* [The data]
□ □ □ □ □

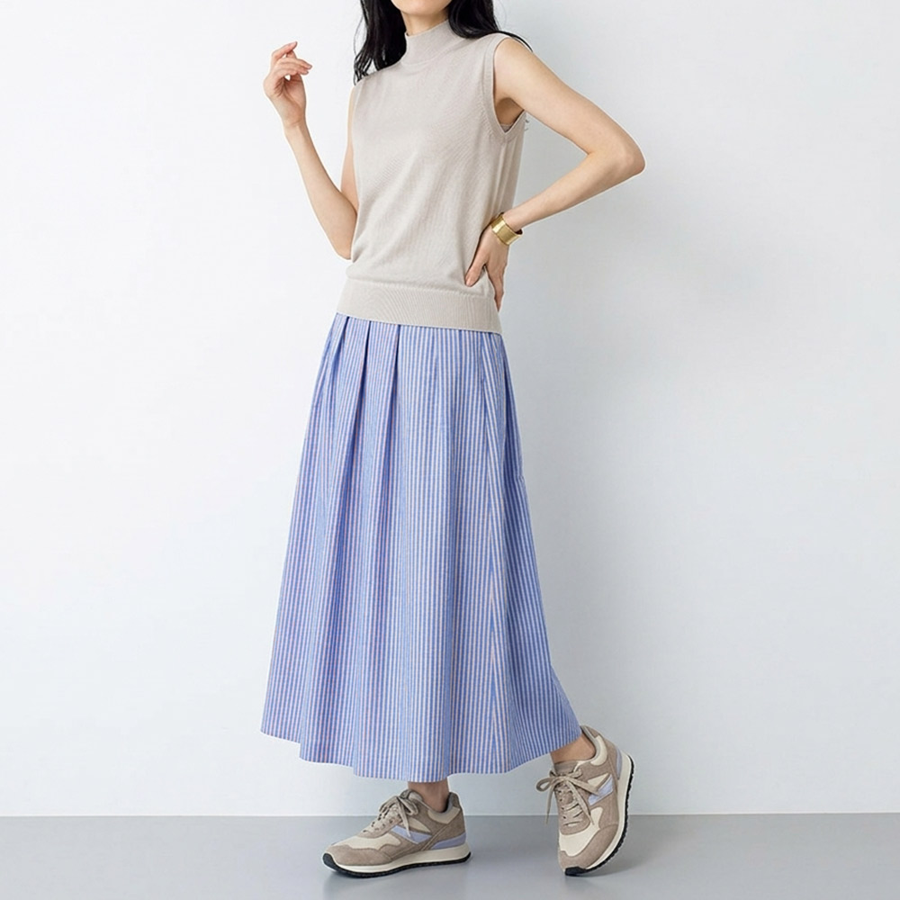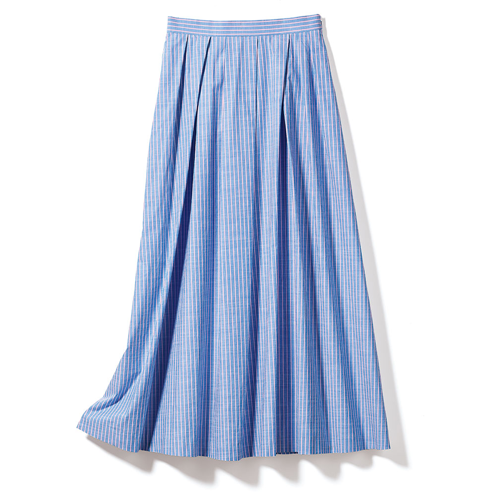 清潔感と愛らしさを色と柄で、心行くまでピンクの色がニットにリンクするライトブルー×ピンクのストライプ柄スカートで、カジュアルな印象に。手摘みのエーゲ海コットンを先染めしたテキスタイルは、プリントでは出せない自然なシャンブレー感がニュアンスを表現。この生地を贅沢に使い、ランダムに寄せたタックが自由な動きを生むスカートに。トラッドカジュアルをモードな感性で崩した、遊び心溢れる着こなしをお楽しみください。≫ POINTアシンメトリーに配したタックが、ストライプ柄に動きとモダンな表情を加えます。通気性に優れた爽快な裏地付きも快適ポイント。
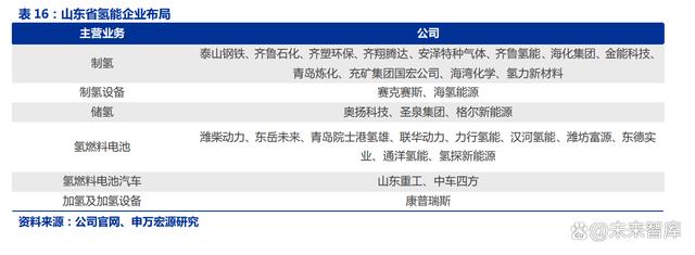 山東依靠扎實(shí)的氫能產(chǎn)業(yè)鏈落實(shí)“氫進(jìn)萬家”政策,未來氫能發(fā)展將與燃料電池示范城市群平行。山東省企業(yè)布局:
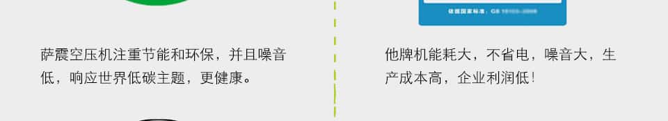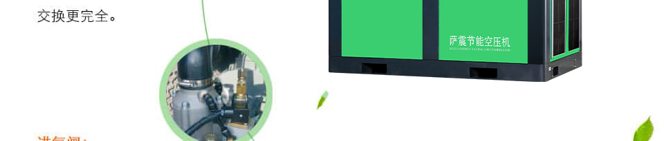 采用薩震空壓機(jī)主機(jī),無(wú)振動(dòng),低噪音,大轉(zhuǎn)子,低轉(zhuǎn)速,強(qiáng)大的心臟決定了整機(jī)的優(yōu)異性能。轉(zhuǎn)子經(jīng)嚴(yán)格的動(dòng), 靜平衡試驗(yàn), 使其運(yùn)轉(zhuǎn)平衡更好, 振動(dòng)更小, 噪聲更低,同時(shí)在直徑不變的情況下,轉(zhuǎn)子長(zhǎng)度增加,有效壓縮面積增加,從而達(dá)到流量增加,功耗降低。

□ □ □ □ □

* [Exercise objective] Once the pictures are set aside, output the whole listing exactly.

* [Answer section]
 清潔感と愛らしさを色と柄で、心行くまでピンクの色がニットにリンクするライトブルー×ピンクのストライプ柄スカートで、カジュアルな印象に。手摘みのエーゲ海コットンを先染めしたテキスタイルは、プリントでは出せない自然なシャンブレー感がニュアンスを表現。この生地を贅沢に使い、ランダムに寄せたタックが自由な動きを生むスカートに。トラッドカジュアルをモードな感性で崩した、遊び心溢れる着こなしをお楽しみください。≫ POINTアシンメトリーに配したタックが、ストライプ柄に動きとモダンな表情を加えます。通気性に優れた爽快な裏地付きも快適ポイント。
 山東依靠扎實(shí)的氫能產(chǎn)業(yè)鏈落實(shí)“氫進(jìn)萬家”政策,未來氫能發(fā)展將與燃料電池示范城市群平行。山東省企業(yè)布局:
 采用薩震空壓機(jī)主機(jī),無(wú)振動(dòng),低噪音,大轉(zhuǎn)子,低轉(zhuǎn)速,強(qiáng)大的心臟決定了整機(jī)的優(yōu)異性能。轉(zhuǎn)子經(jīng)嚴(yán)格的動(dòng), 靜平衡試驗(yàn), 使其運(yùn)轉(zhuǎn)平衡更好, 振動(dòng)更小, 噪聲更低,同時(shí)在直徑不變的情況下,轉(zhuǎn)子長(zhǎng)度增加,有效壓縮面積增加,從而達(dá)到流量增加,功耗降低。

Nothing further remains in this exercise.